The curator of the exhibition is the Ferenczy Noémi Prize awarded Zsuzsa Pannonhalmi, director of the Wartha Vincze Ceramic Art Foundation. she intends to show and document professional development and trends in Hungarian ceramic art.
The head of the dynasty, Géza Gorka (1894–1971)came from Hungarian folk pottery and ended up with unique forms of ceramic industry art form, decoration of glaze technology. "Ceramic art does not need the way of expression of other art forms co, because fire makes it an independent genre" - he explained. His figural ceramic objects in Art Deco style were sought after all over the world. The typical "Gorka" means, cracked glazed ceramics he "invented" demonstrated his famous statement he made at a young age: "The audience will just want what I do." According to his daughter, Lívia, Géza Gorka proved with a life's work that ceramic is an independent genre. "Plastic, but not sculpture. Colourful, but not painting. Drawings, but no graphics."
Verőce, the workshop, his father's teachings were decisive in Lívia Gorka's work (1925-2011).
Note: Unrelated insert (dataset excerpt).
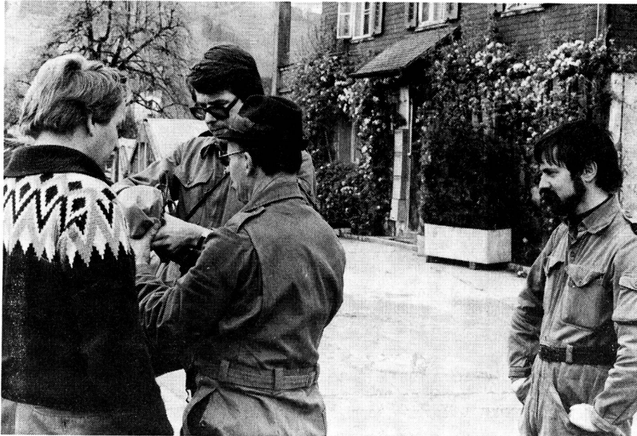
Leitungsbau für das Eidg. Schützenfest 1979 in Luzern: Im Feld weiss Imfeld bestens Bescheid, da staunt auch der Mot Fahrer ... (Sektion Lenzburg)

The unique beauty of the natural environment, the talent, the family example, curiosity and professional issues influenced her to constant experimentation, It was a worthy legacy to Livia Gorka at the beginning of her artist career to find her own expression as sculpture in the seventies - wrote about her the rt historian Lilla Szabó. Géza Gorka-Focht (1952) is a lonely artist on contemporary Hungarian ceramic scene. He returned to his grandfather's and attaches importance to create his own objects on his own disk and burn them at a high temperature. The Tableware, vases, plates he makes retain family traditions, precise knowledge of ceramics, love of beautiful object.